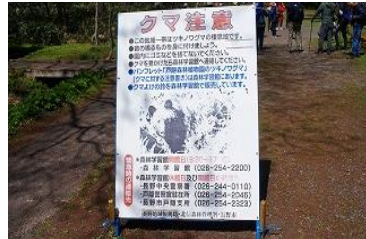
入口に早速注意看板今年は何処もクマ出没！ 9:55
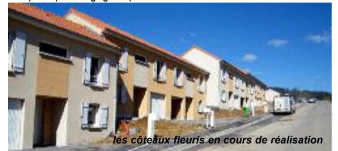
les coteaux fleuris en cours de réalisation
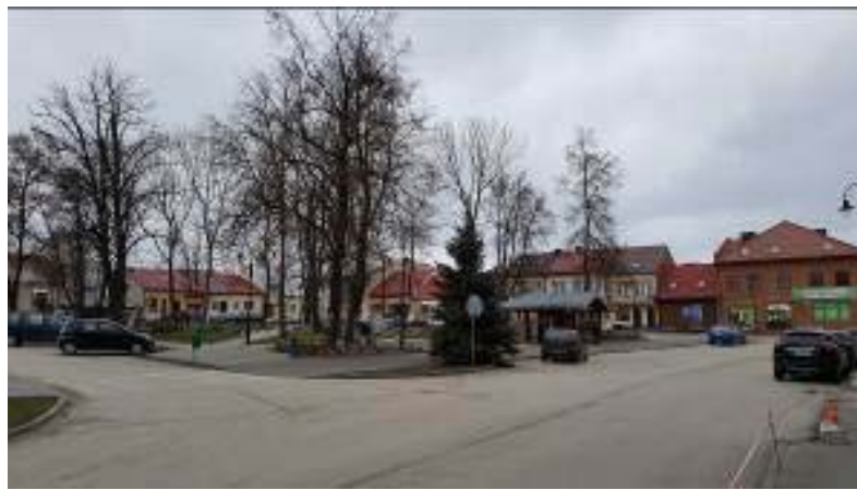
Il. 9. Widok na fragment rynku w Wiślicy – narożnik południowo-zachodni.

Wracając do problematyki układu urbanistycznego Wiślicy, który wytyczono w wieku XIII, należy dodać, że centrum miasta zajął rynek o wymiarach
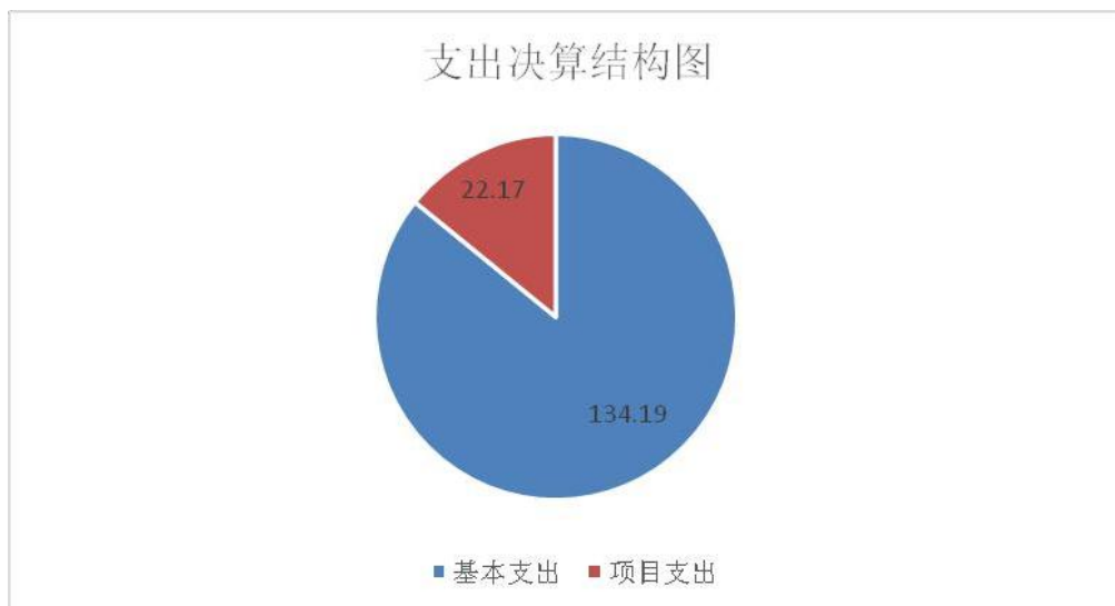
(图3: 支出决算结构图)(饼状图)
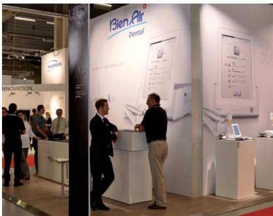
Instrumente von Bien Air für Praxis, Labor und Chirurgie. www.bienair.ch
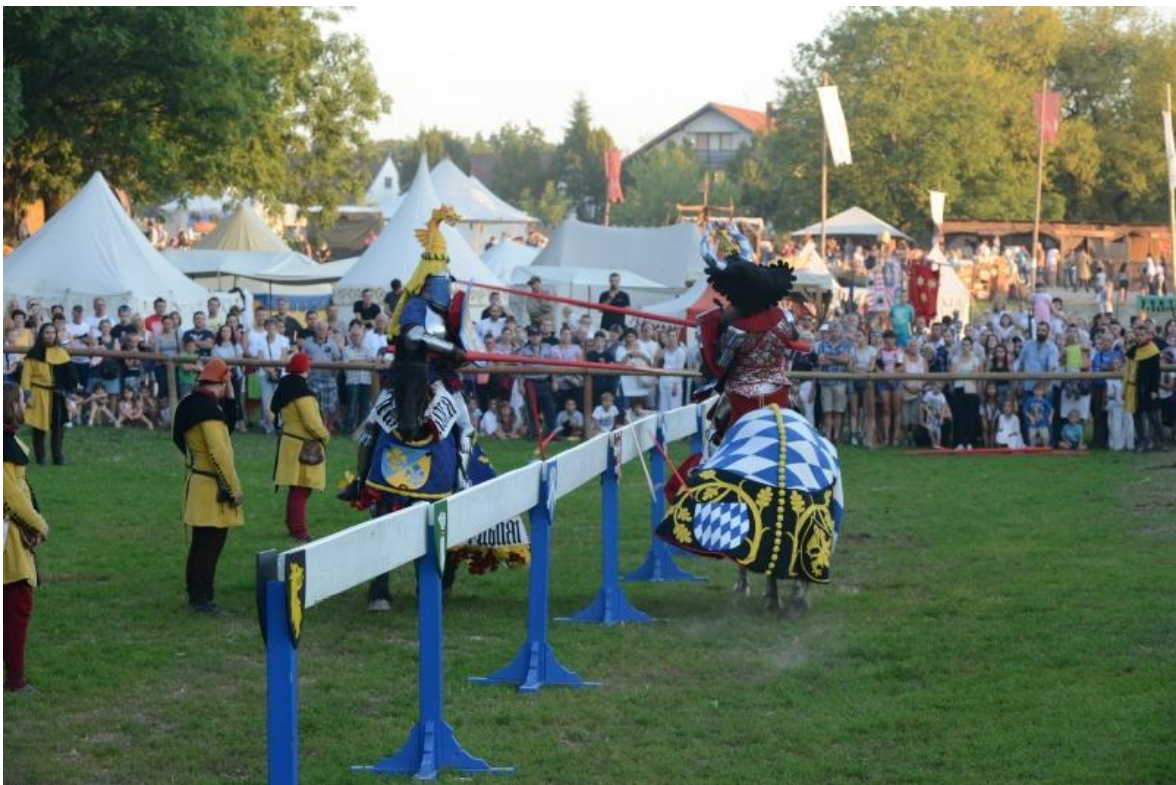
Slika 3. Viteška borba na renesansnom festivalu

U mjestu Peteranec nalazi se Konjički klub Galop Team čiji je cilj natjecanje u disciplinama preponskog i dresurnog jahanja. Osim sporta, Galop Team pruža usluge škole jahanja te redovito održavaju kondiciju konja svakodnevnim treninzima. Raspoložu s dva pješčana terena, a u planu je izgradnja zatvorene jahaonice i šetalice za konje. U klubu je trenutačno smješteno 25 konja, a u budućnosti planiraju izgraditi još jednu štalu za konje jer zanimanje za ovaj sport i konjički turizam u njihovoj županiji sve više raste.
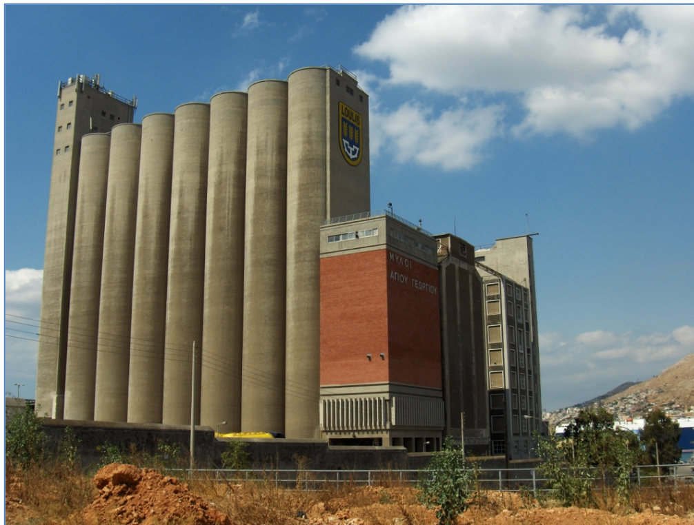
Μύλοι Αγίου Γεωργίου
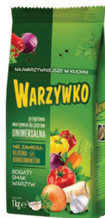
Warzywko 1000 g
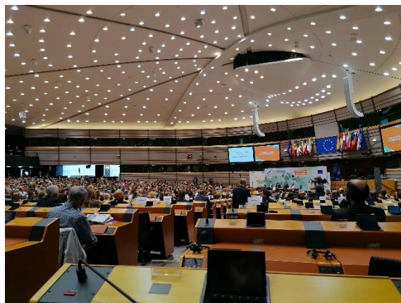
Fot. 8 Sesja otwierająca Europejski Tydzień Regionów i Miast

reprezentowali nasz region na 20. Europejskim Tygodniu Regionów i Miast #EURegionsWeek. To największe doroczne wydarzenie poświęcone polityce regionalnej, w którym udział biorą tysiące uczestników z całej UE. Główną konferencją, podzieloną na panele tematyczne, towarzyszą spotkania, wystawy i wydarzenia służące nawiązywaniu kontaktów w zakresie rozwoju regionalnego i lokalnego. Tematyka tegorocznej edycji Europejskiego Tygodnia Regionów i Miast obejmowała m. in. transformację ekologiczną i cyfrową.

-- -- --

◆ What to work on:
Give an exact copy of the listing, without its pictures.

◆ Exercise answer:
入口に早速注意看板今年は何処もクマ出没！ 9:55
les coteaux fleuris en cours de réalisation
Il. 9. Widok na fragment rynku w Wiślicy – narożnik południowo-zachodni.

Wracając do problematyki układu urbanistycznego Wiślicy, który wytyczono w wieku XIII, należy dodać, że centrum miasta zajął rynek o wymiarach
(图3: 支出决算结构图)(饼状图)
Instrumente von Bien Air für Praxis, Labor und Chirurgie. www.bienair.ch
Slika 3. Viteška borba na renesansnom festivalu

U mjestu Peteranec nalazi se Konjički klub Galop Team čiji je cilj natjecanje u disciplinama preponskog i dresurnog jahanja. Osim sporta, Galop Team pruža usluge škole jahanja te redovito održavaju kondiciju konja svakodnevnim treninzima. Raspoložu s dva pješčana terena, a u planu je izgradnja zatvorene jahaonice i šetalice za konje. U klubu je trenutačno smješteno 25 konja, a u budućnosti planiraju izgraditi još jednu štalu za konje jer zanimanje za ovaj sport i konjički turizam u njihovoj županiji sve više raste.
Μύλοι Αγίου Γεωργίου
Warzywko 1000 g
Fot. 8 Sesja otwierająca Europejski Tydzień Regionów i Miast

reprezentowali nasz region na 20. Europejskim Tygodniu Regionów i Miast #EURegionsWeek. To największe doroczne wydarzenie poświęcone polityce regionalnej, w którym udział biorą tysiące uczestników z całej UE. Główną konferencją, podzieloną na panele tematyczne, towarzyszą spotkania, wystawy i wydarzenia służące nawiązywaniu kontaktów w zakresie rozwoju regionalnego i lokalnego. Tematyka tegorocznej edycji Europejskiego Tygodnia Regionów i Miast obejmowała m. in. transformację ekologiczną i cyfrową.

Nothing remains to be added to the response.